Other countries in southeast Asia, such as Vietnam and Indonesia, are also investing in coal plants.

Japan, which relies on coal for more than a third of its power generation, said on Thursday it will tighten state-backed financing criteria for overseas coal-fired power plants, following criticism over its support for the dirtiest fossil fuel.

Governments have agreed to curb global warming to safer levels to avoid catastrophic climate change and to achieve a net zero carbon emissions goal by 2050.
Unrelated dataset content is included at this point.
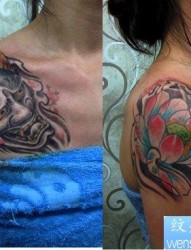 南京纹身图片展示:一幅美女的半甲般若与莲花纹身图片
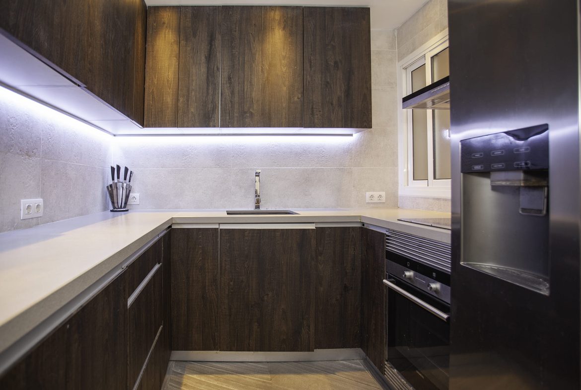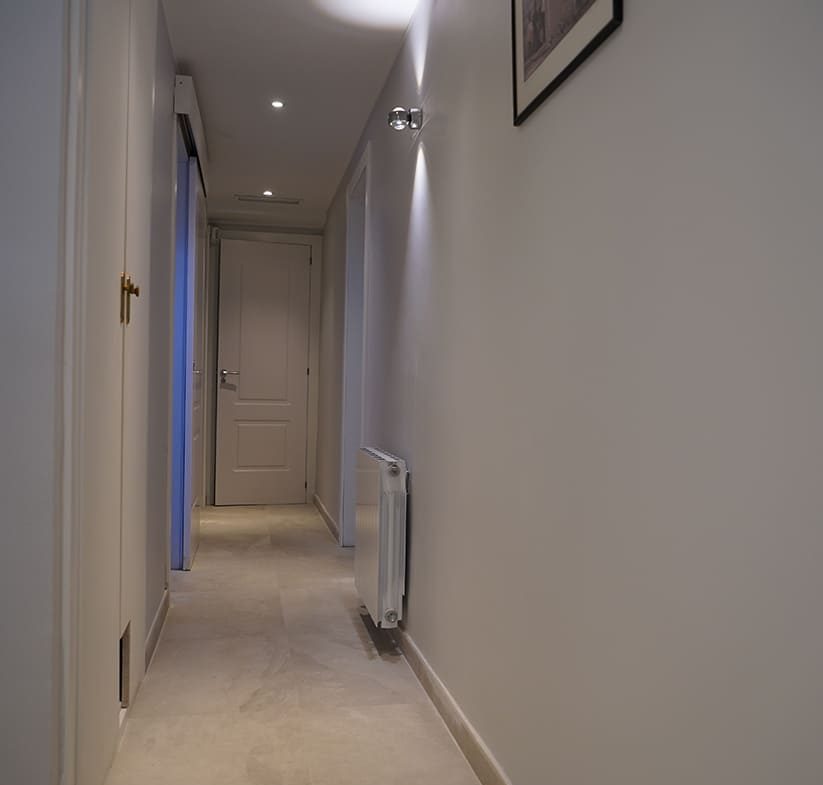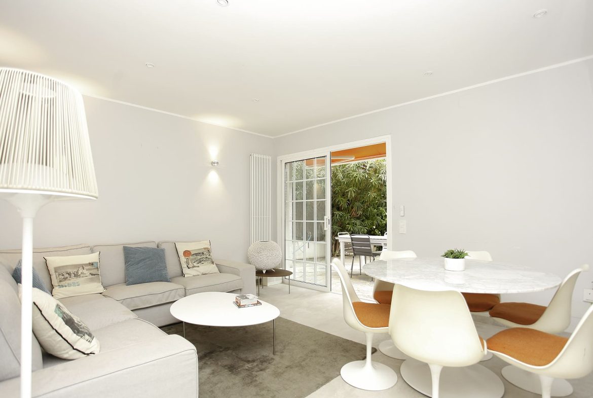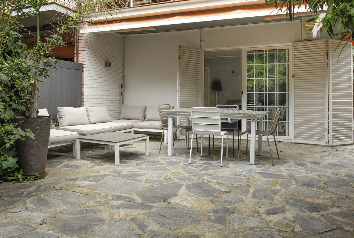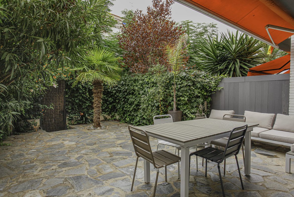 Desde dormitorio principal se accede también directamente al jardín privado que bordea todo el apartamento. El piso ha sido íntegramente reformado recientemente (suelos, ventanas, instalación eléctrica, cocina y baños) con materiales de alta calidad.

"Global energy demand has declined sharply this year and so did emissions (due to coronavirus-related lockdowns). But whether that decline will rebound or not we do not know. Ministers will decide through the policies they put in place," IEA Executive Director Fatih Birol said.

An international climate conference (COP26), at which countries need to submit more ambitious emissions cut plans, has been postponed until November next year.

Britain, which is hosting the conference, said it represents a "landmark moment" following on from the 2015 Paris Agreement, a global climate pact to curb emissions.

"We must reach a negotiated outcome there which finalises the Paris Agreement and countries come forward with more ambition. Current and future generations deserve nothing less," said Alok Sharma, Britain's business and energy minister, who will serve as the president of the climate conference.